*Task description*.
Copy the lines below word for word, skipping any image.

*Available data*.
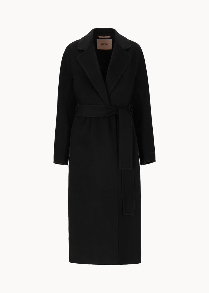Double-breasted wrap coat with a soft fit, featuring raglan sleeves at the back and a seamless front construction for a fluid, elegant silhouette. Unlined with refined double stitching and side inset pockets.
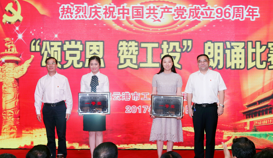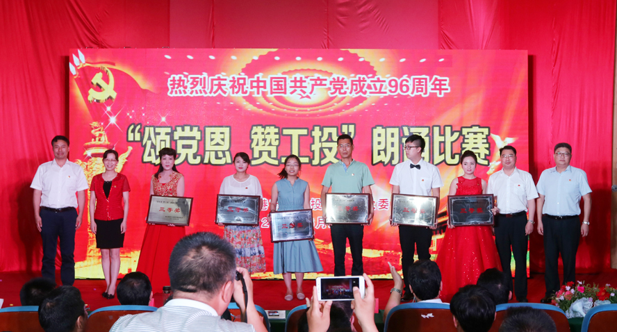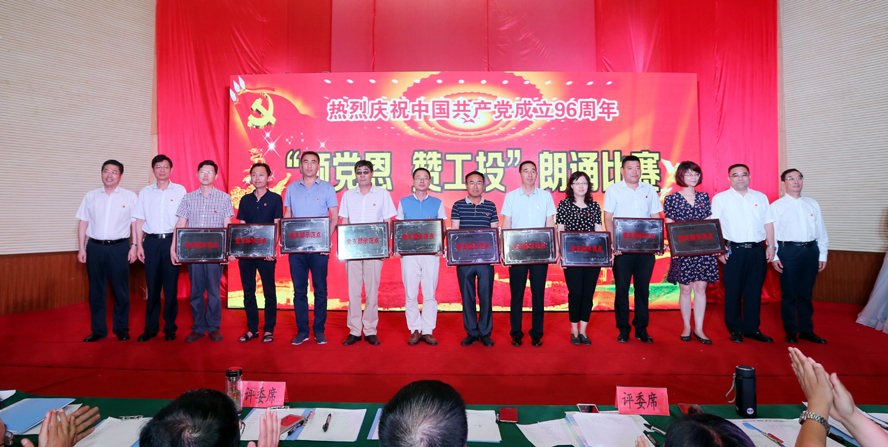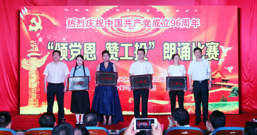 為慶祝中國共產(chǎn)黨成立96周年,緬懷黨的豐功偉績,6月29日下午,集團(tuán)公司黨委在連云港職業(yè)技術(shù)學(xué)院文化藝術(shù)中心舉辦“頌黨恩·贊工投”朗誦比賽,集團(tuán)公司領(lǐng)導(dǎo)楊龍、胡建明、張其海、王士華、戴鴻鳴、汪群、匡友本、陳如軍與來自集團(tuán)公司各條戰(zhàn)線的近三百名代表歡聚一堂,共同慶祝黨的96歲華誕。
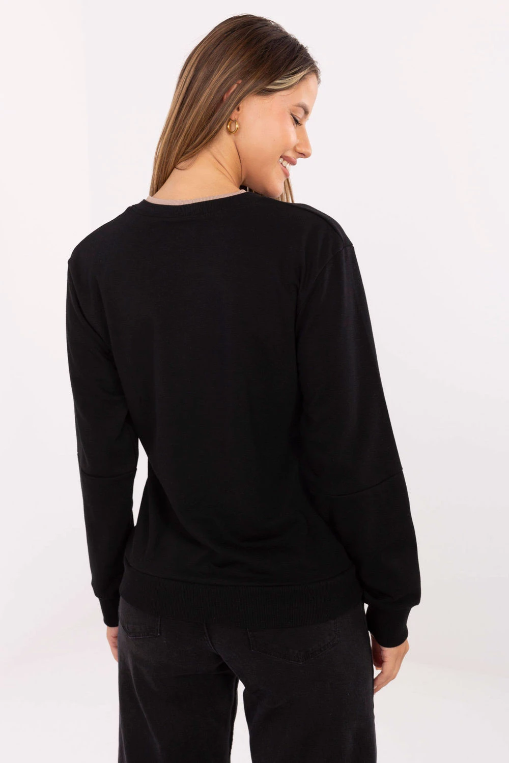 Casual dámský svetr vyrobený z měkké směsi bavlny a polyesteru, kombinující pohodlí s každodenním stylem. Klasický kulatý výstřih a dlouhé rukávy zajistí pohodlí při nošení, a standardní délka dělá svetr ideálním doplňkem k různým stylizacím. Model s hladkou strukturou zdobí jemné nášivky vpředu a vyšívané logo na pravém rukávu, které dodávají celku moderní a stylový charakter. Skvělý na každodenní, casual příležitosti.
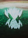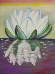 2008De weerkaatsing van het licht van de waterlelie in het water. Veelkleurig vrolijk doekje.

*Completed exercise*.
Double-breasted wrap coat with a soft fit, featuring raglan sleeves at the back and a seamless front construction for a fluid, elegant silhouette. Unlined with refined double stitching and side inset pockets.
 為慶祝中國共產(chǎn)黨成立96周年,緬懷黨的豐功偉績,6月29日下午,集團(tuán)公司黨委在連云港職業(yè)技術(shù)學(xué)院文化藝術(shù)中心舉辦“頌黨恩·贊工投”朗誦比賽,集團(tuán)公司領(lǐng)導(dǎo)楊龍、胡建明、張其海、王士華、戴鴻鳴、汪群、匡友本、陳如軍與來自集團(tuán)公司各條戰(zhàn)線的近三百名代表歡聚一堂,共同慶祝黨的96歲華誕。
 Casual dámský svetr vyrobený z měkké směsi bavlny a polyesteru, kombinující pohodlí s každodenním stylem. Klasický kulatý výstřih a dlouhé rukávy zajistí pohodlí při nošení, a standardní délka dělá svetr ideálním doplňkem k různým stylizacím. Model s hladkou strukturou zdobí jemné nášivky vpředu a vyšívané logo na pravém rukávu, které dodávají celku moderní a stylový charakter. Skvělý na každodenní, casual příležitosti.
 2008De weerkaatsing van het licht van de waterlelie in het water. Veelkleurig vrolijk doekje.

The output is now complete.